Penanaman budaya siri’ hanyalah salah satu cara yag bisa dilakukan dalam pendidikan karakter. Pada intinya adalah, harus ada revolusi mendasar untuk lebih mengutamakan pembentukan karakter di dalam pembelajaran dibanding sekedar hanya meningkatkan pengetahuan umum siswa. Dibanding mendorong siswa untuk mendapat nilai setinggi-tingginya, lebih utama untuk mengajarkan siswa bahwa nilai harus didapatkan dengan sejujur-jujurnya. Di universitas pun, seharusnya tidak ada halangan-halangan untuk melakukan diskusi seperti pembatasan ruang akademik yang sering dilakukan belakangan ini. Semua ini perlu dilakukan dalam rangka mengajarkan kejujuran dan keterbukaan dalam dunia pendidikan.

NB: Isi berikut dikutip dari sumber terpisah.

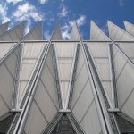 The 150-foot-tall chapel is situated on a podium adjacent to the Court of Honor. The program required three distinct chapels: a 900-seat Protestant chapel, a 500-seat Catholic chapel, and a 100-seat Jewish chapel. Each chapel has a separate entrance. The main floor Protestant chapel is enclosed by tetrahedrons clad in extruded aluminum separated by continuous colored glass panels, with windows of special laminated glass. The terrace-level Catholic chapel is characterized by precast masonry forming the ceiling pattern, with side walls of amber glass and strip windows of faceted glass. The Jewish chapel is a circular room enclosed in cypress frames and stained-glass slabs, with a foyer of brown Jerusalem stone donated by the Israeli Air Force.
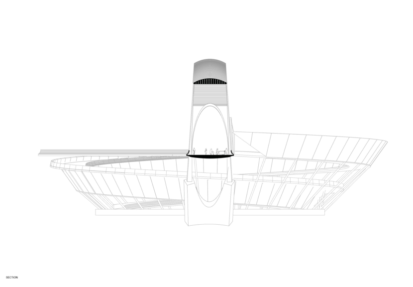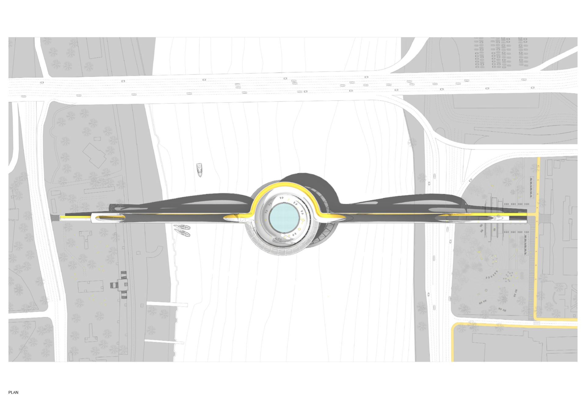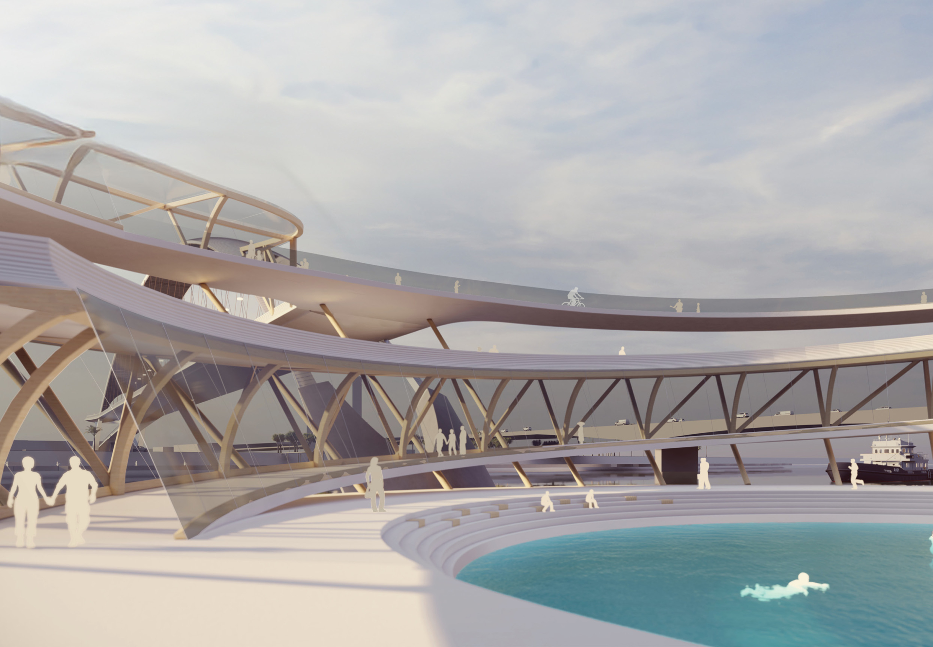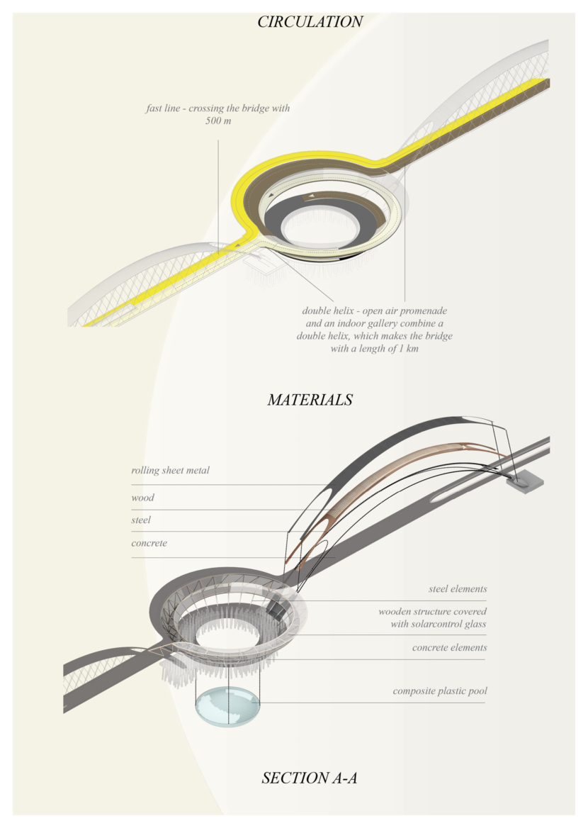 The helix is architecturally working as a knot binding together two arcs. One side of the helix is a gallery on concrete paths that is supported by suitable steel columns and timber frames giving shade through solar-control glass. The other side gives on the contrast a walk down to the river under the sky. In the bottom of the helix lies a clean water pool with a promenade surrounding it.
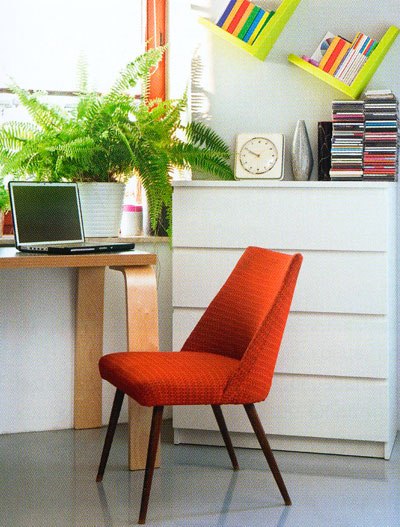 Зробити приміщення динамічним допоможуть яскраві акценти. В даному прикладі це полиці, крісло з яскравою оббивкою і зелень кімнатної рослини.
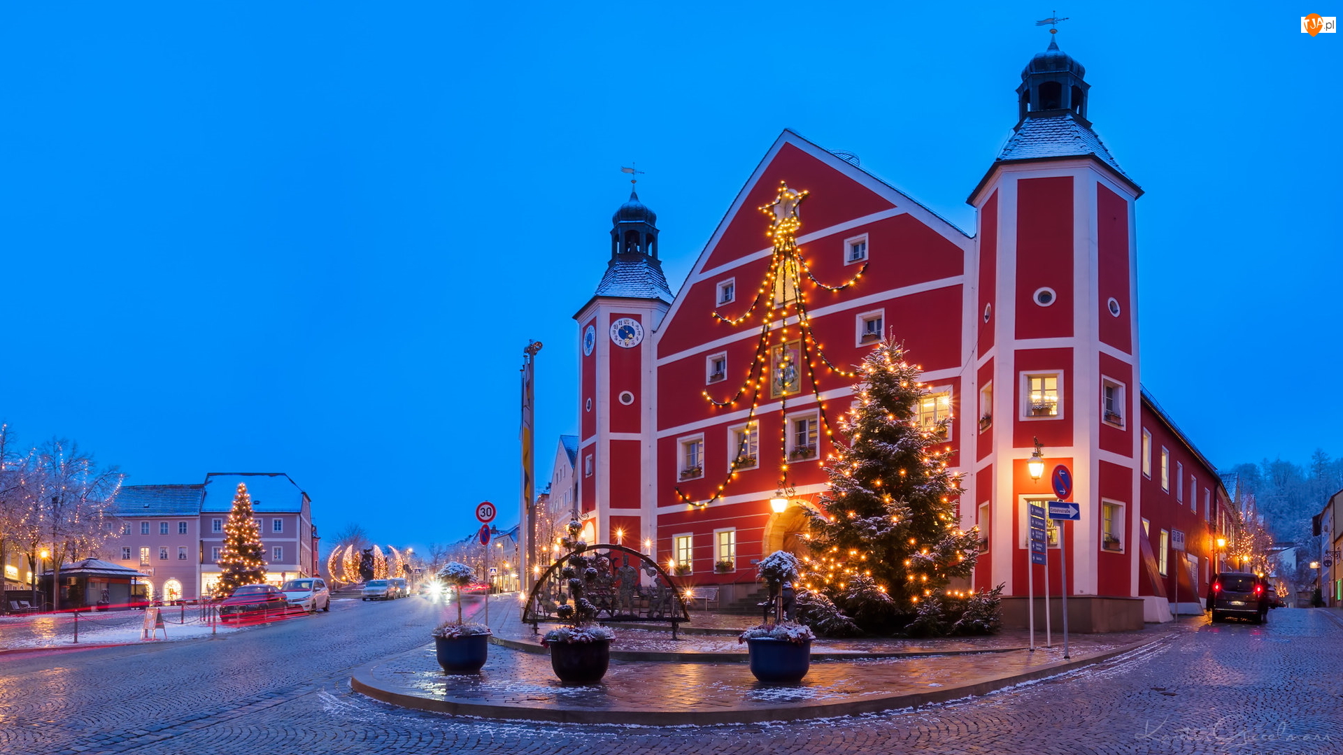 Niemcy, Dom, Bawaria, Ulica, Burglengenfeld, Ratusz, Boże Narodzenie, Budynek, Choinki
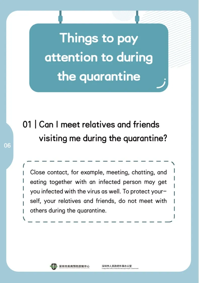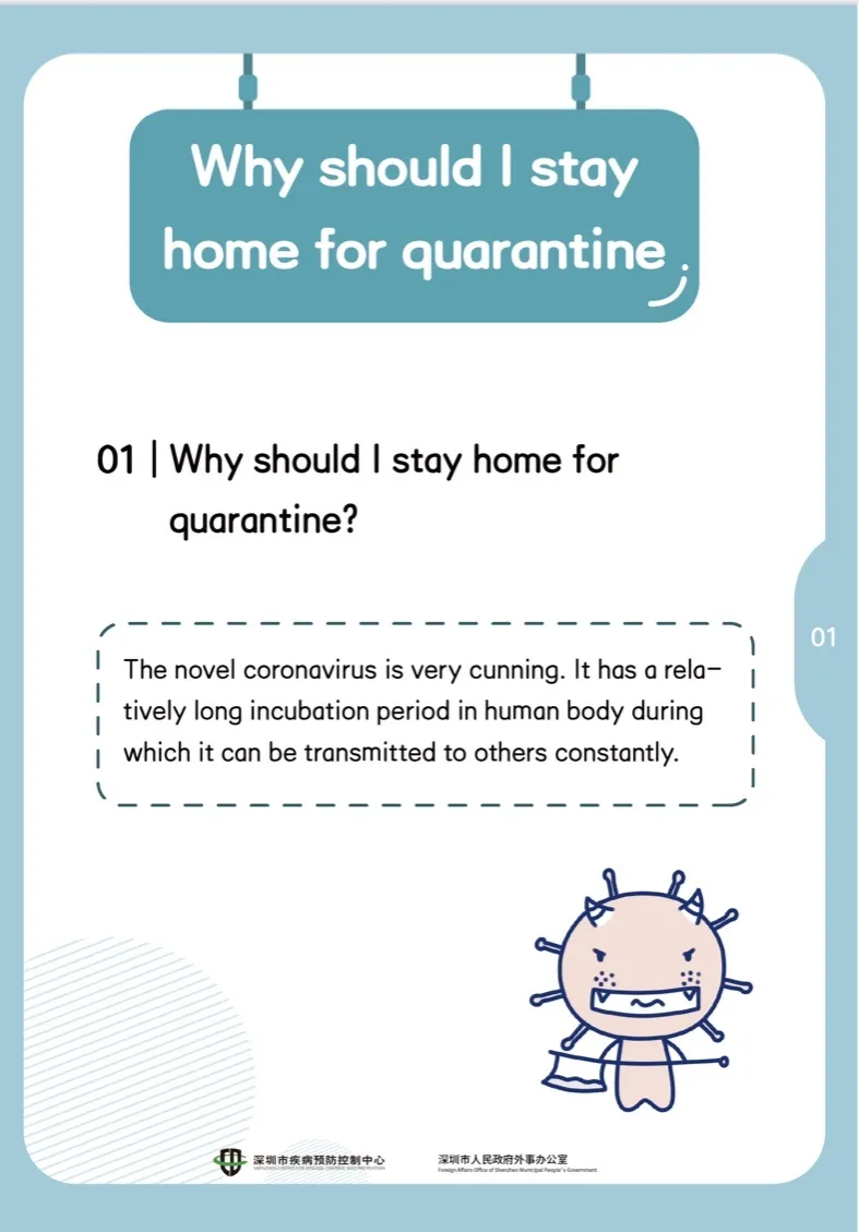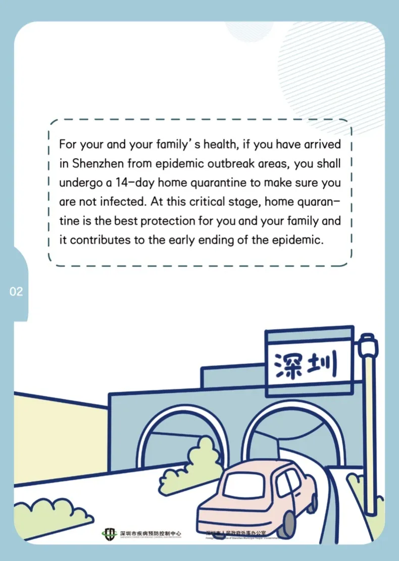 因此,為了您和家人健康,從疫情高發(fā)重點地區(qū)來深返深后,應當進行14天居家隔離,以確認沒有感染病毒。在這非常時期,做好居家隔離既是對您自己和家人最好的保護,也是為疫情早日結(jié)束做貢獻。
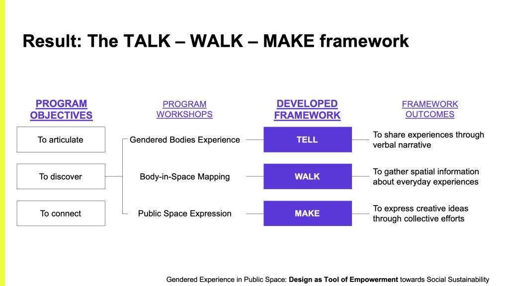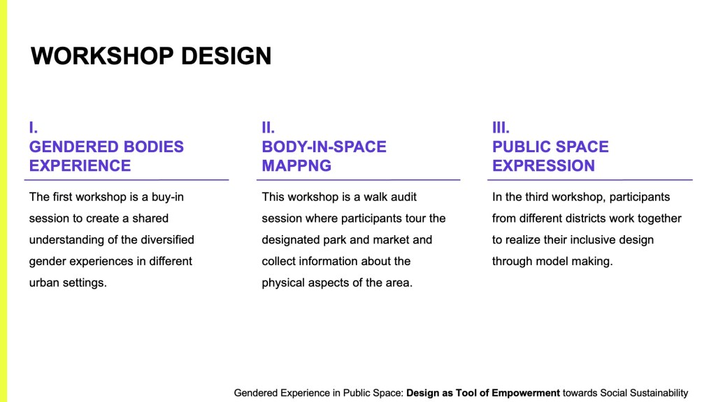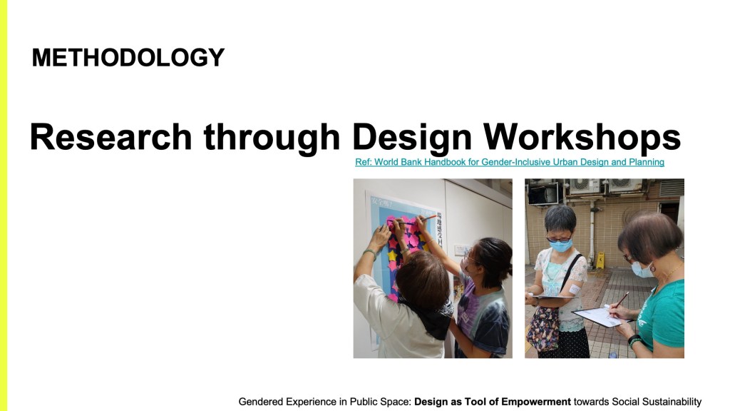 Although gender-inclusive design has received increasing awareness in recent years, the nominal consultation process tends to lack an in-depth understanding of female users’ genuine needs and experiences. A reason could be that women in Asian culture, especially those in domestic roles, are neither used to nor equipped to express themselves, therefore limiting their feedback to pre-established options. This paper investigates the gendered spatial experience and addresses the need for effective communication and creative expression by the undermined female voices. Current literature recognises the capacity of arts and cultural practice to engage and empower people, and this paper will demonstrate how the creative design process can be a form of gender empowerment through the case study of a public space design workshop in Hong Kong. While the immediate workshop findings describe the specific needs of female users in public spaces, this paper further reflects upon the programme design and process, with the results of establishing a framework to facilitate the expression and articulation of embodied gender experience. The paper concludes by highlighting domesticity in public space and how bodily engagement is essential in an experiential investigation to inform design. In response to growing literature and advocacy to foreground culture’s significance in social sustainability and gender issues, the research contributes to the discourse of gender empowerment through creative means and its position within the SDG framework.
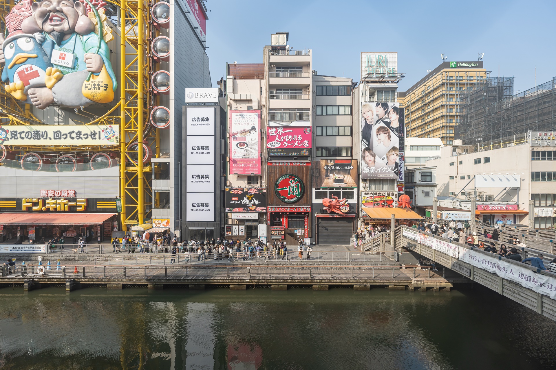 돈키호테, 앗치치혼포, 이치란등 인가 가게들이 많기도 하고 이곳의 다리 위에서 도톰보리 강의 야경을 감상하거나 사진을 찍는 사람들이 많은데 가게 안에서 편하게 구경할 수 있습니다. 저녁에 이곳에서 쿠시카츠를 먹으며 야경을 감상하고 돈키호테의 줄을 가늠해보며 사람이 적다 싶으면 나가서 쇼핑을 즐겨도 좋을 것 같습니다.
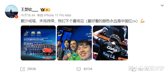 王楚钦也发文:聚沙成塔,未完待续,我们下个赛场见。(最好看的颜色永远是中国红)【王楚钦带着国乒的信念真的很棒】
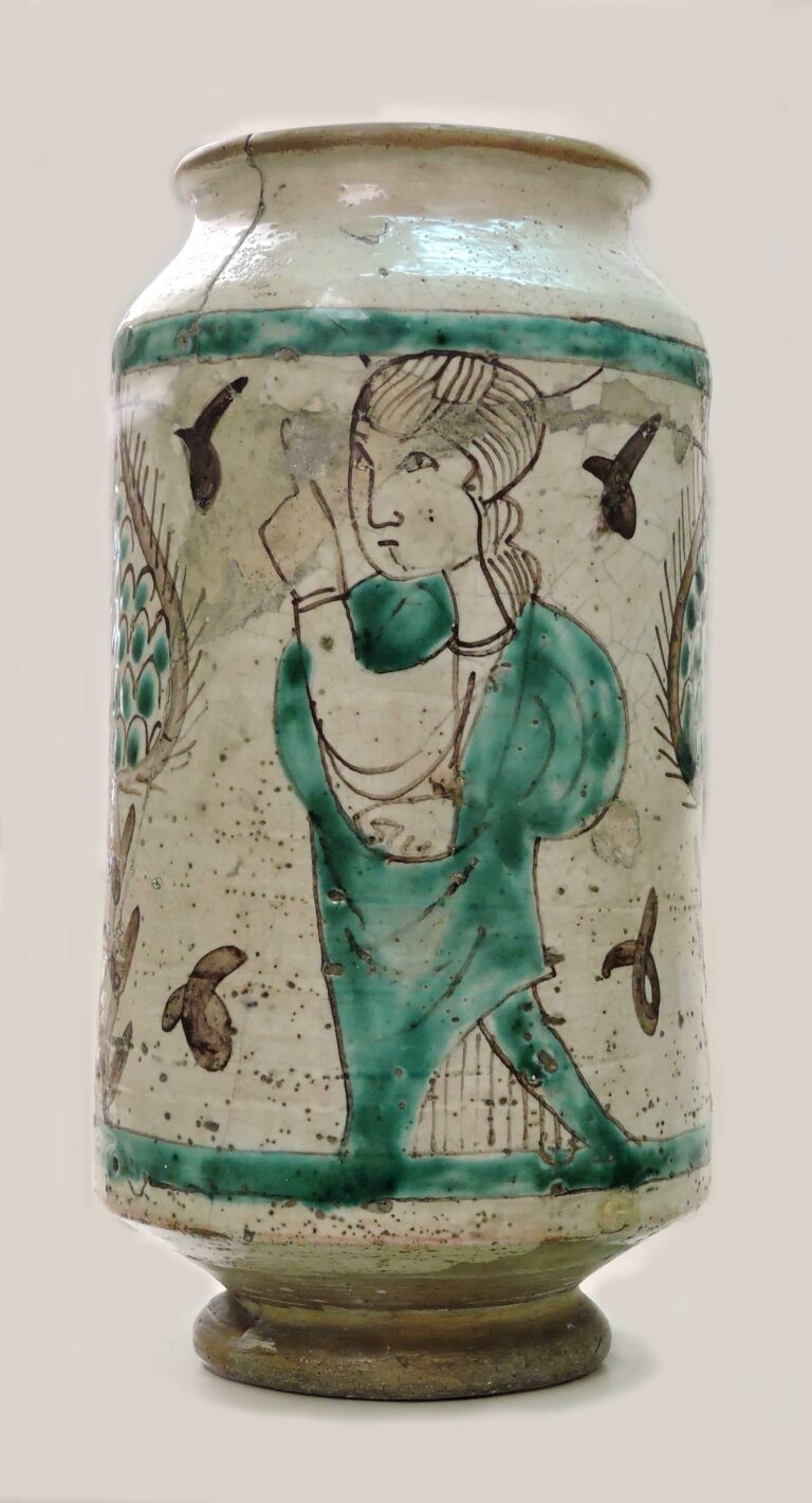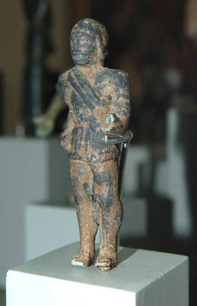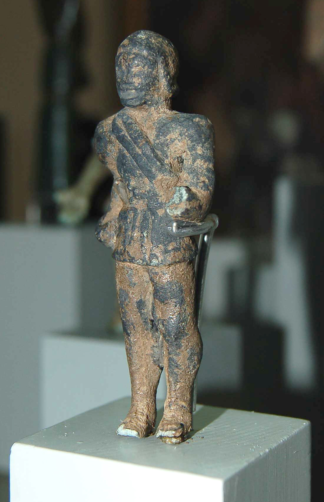 Exvoto masculino de túnica corta con escote en pico, mangas por encima de los codos y ceñida a la cintura. A medio esconder en el costado izquierdo guarda un puñal de antenas. De la espalda cuelga una caetra con umbo marcado. Pátina negruzca, muy desgastada, que se deja ver bajo una gruesa capa de concreciones que afectan a gran parte de la superficie de la pieza. Trabajo de mediana calidad. Bien proporcionada, aunque achatada. Respeta, de forma general, el eje de simetría axial.Cabeza redonda, cubierta por un casco liso con reborde cervical que cubre la totalidad de la misma, dejando solo libre la cara. Los rasgos del rostro son poco nítidos: ojos pequeños, que se identifican por unos huecos de extracción del metal, mientras que la boca y la nariz se marcan por medio de una incisión horizontal, más gruesa en el caso de la boca. Cuello casi inapreciable que une en unos hombros rectos y muy desarrollados, que configuran una espalda muy ancha. Viste túnica corta de cuello en pico y mangas por encima del codo. Parece ceñida a la cintura por medio de un cinturón casi imperceptible, del que, escondido en el costado izquierdo, prende un puñal de antenas. En la zona central de la cintura caen dos gruesos cordones verticales y paralelos. A la espalada, de un doble cinto, cuelga una pequeña caetra de umbo marcado. Brazo derecho doblado y pegado a la cadera, con la mano cerrada, que deja un hueco posiblemente para sujetar otra arma, como una lanza. El izquierdo dobla hacia delante del que falta la mano. Piernas gruesas con los muslos y pantorrillas muy musculosas, unidas hasta bajo los gemelos. Pies separados, pequeños y asimétricos, más grande el derecho que el izquierdo. Plano de proyección de la mirada al frente. Iconografía relacionada con la exposición pública de un determinado estamento social. (Extraído de: Rueda, 2012: 276)
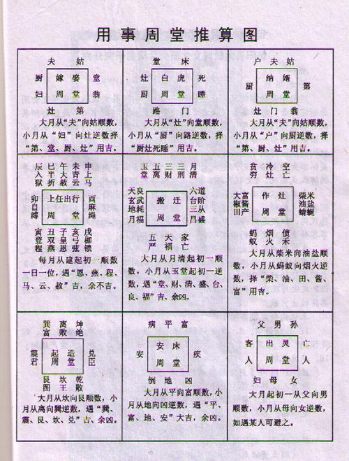 自古以来,中国人就强调合适的时间、合适的地点和合适的人,所以在重要的日子里,尤其是搬进房子的时候。在古代,择日秘法流传下来。接下来我们给大家介绍一下,进入房子的周堂计算吉凶图,选择房子的日子一定要背口诀,希望对准备搬进房子的朋友有所帮助。
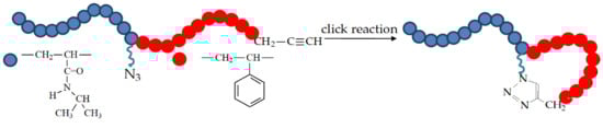 Among different polymers, PS, polyacrylates, and polyacrylamides are the most common [49,50,51,52,53,54,55,56,57,58,59,60,61,62,63,64,65,66,67,68,69,70,71,72,73,74,75,76,77]. Sometimes, methacrylic monomers are involved in the combination of RAFT polymerization with click chemistry [78,79]. However, amine-containing monomers (e.g., vinyl pyridine) should be used with caution because of the possible complexation with copper ions catalyzing the azide–alkyne interaction.

Pendidikan karakter kepada generasi muda itu ibaratnya seperti investasi. Diharapkan bahwa pendidikan yang didapatkan oleh generasi muda dari SD hingga kuliah bisa diterapkan ketika mereka memasuki ranah politik maupun ekonomi. Untuk melihat hasilnya memang tidak seketika, namun ke depannya akan membentuk budaya yang lebih bersih dan berkeadilan, jauh dari korupsi. Maka, sangat penting untuk segera melaksanakannya agar hasilnya lebih cepat terlihat. Bagaimanapun, nasib bangsa di masa depan ada di tangan pemuda. Maka, mereka pantas mendapat pendidikan yang sebaik-baiknya.